#### EXERCISE GOAL
Nothing but the text should be carried over: reproduce all the data exactly and leave out every image.

#### DATASET CONTENT
Start of Block

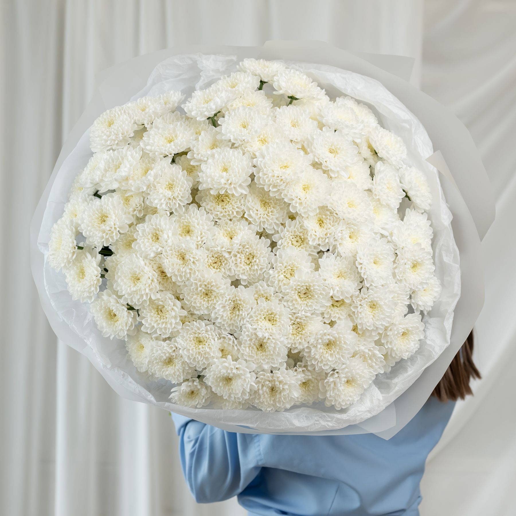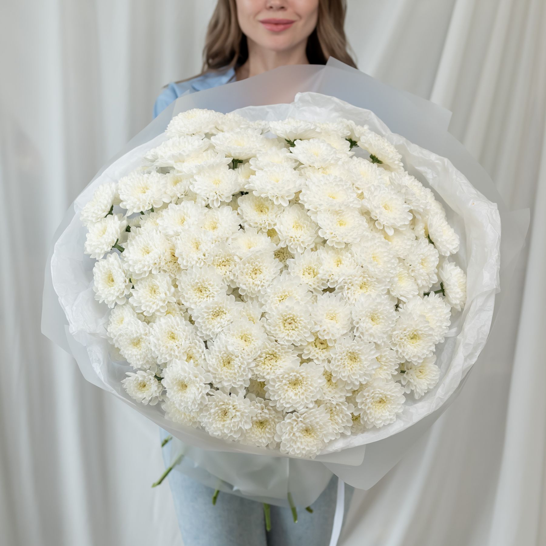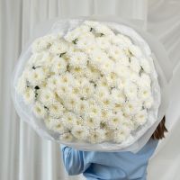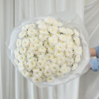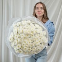 В составе 25 белых хризантем (сорт Алтай) в дизайнерской упаковке.
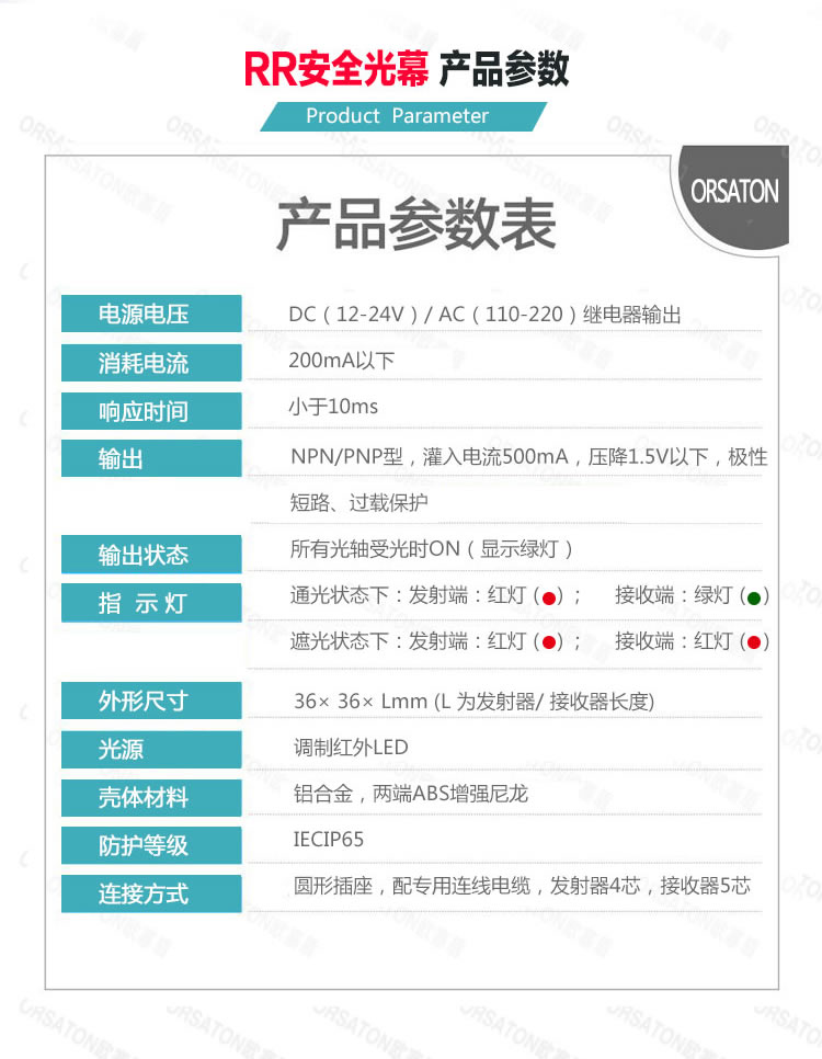 广州欧塞盾电子科技有限公司-防水光栅光幕40毫米密度光轴间距型号:RR04/40-120,RR06/40-200、RR08/40-280、RR10/40-360、RR12/40-440、RR14/40-520、RR16/40-600、RR18/40-680、RR20/40-760、RR22/40-840、RR24/40-920、RR26/40-1000、RR28/40-1080、RR30/40-1160、RR32/40-1240
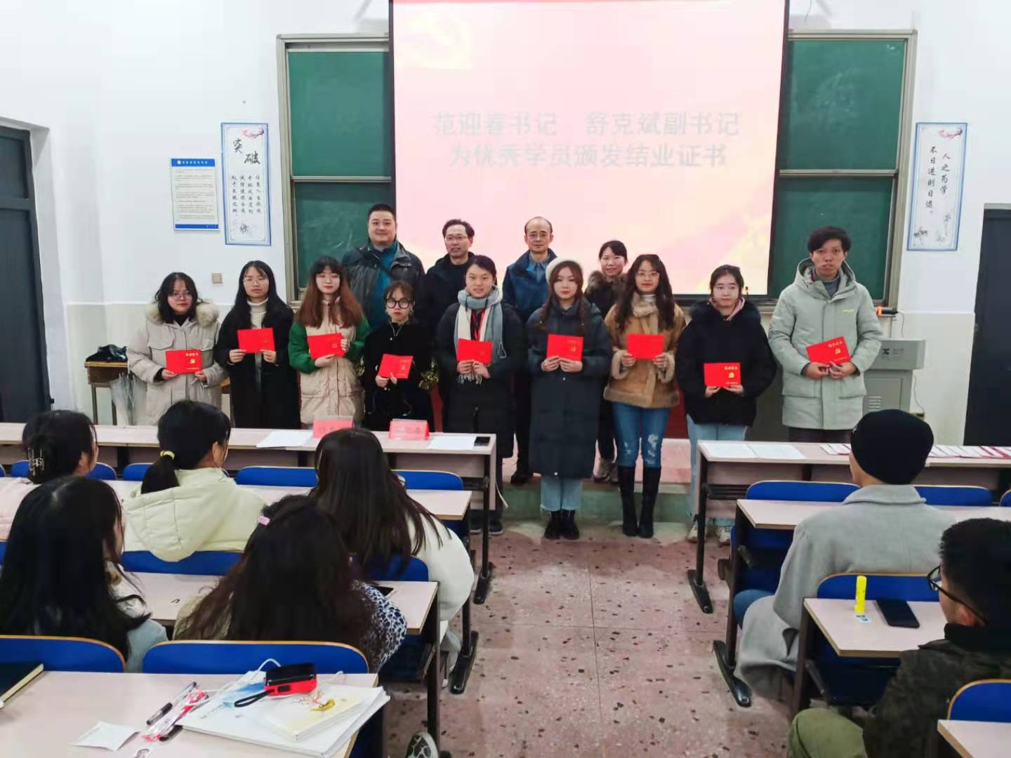 11月13日晚上7点,国产内射剪辑精品福利分党校第25期、26期入党积极分子培训班结业典礼在鹤鸣楼南111教室举行。国产内射剪辑精品福利党总支书记、分党校校长范迎春教授,党总支副书记、分党校副校长舒克斌副教授,学生党支部委员以及第25期、26期共计100名入党积极分子出席了结业典礼。舒克斌副书记进行了培训总结。范迎春书记宣读了表彰入党积极分子优秀学员的决定。两位书记一起为优秀学员颁发证书。入党积极分子们纷纷表示会牢记书记们的嘱托,继续在各方面严格要求自己,深入学习党的理论知识,坚定理想信念,增强党性修养,勤奋学习,不断提高自身的综合素质,以实际行动争取早日入党。

End of Block

#### YOUR SOLUTION
 В составе 25 белых хризантем (сорт Алтай) в дизайнерской упаковке.
 广州欧塞盾电子科技有限公司-防水光栅光幕40毫米密度光轴间距型号:RR04/40-120,RR06/40-200、RR08/40-280、RR10/40-360、RR12/40-440、RR14/40-520、RR16/40-600、RR18/40-680、RR20/40-760、RR22/40-840、RR24/40-920、RR26/40-1000、RR28/40-1080、RR30/40-1160、RR32/40-1240
 11月13日晚上7点,国产内射剪辑精品福利分党校第25期、26期入党积极分子培训班结业典礼在鹤鸣楼南111教室举行。国产内射剪辑精品福利党总支书记、分党校校长范迎春教授,党总支副书记、分党校副校长舒克斌副教授,学生党支部委员以及第25期、26期共计100名入党积极分子出席了结业典礼。舒克斌副书记进行了培训总结。范迎春书记宣读了表彰入党积极分子优秀学员的决定。两位书记一起为优秀学员颁发证书。入党积极分子们纷纷表示会牢记书记们的嘱托,继续在各方面严格要求自己,深入学习党的理论知识,坚定理想信念,增强党性修养,勤奋学习,不断提高自身的综合素质,以实际行动争取早日入党。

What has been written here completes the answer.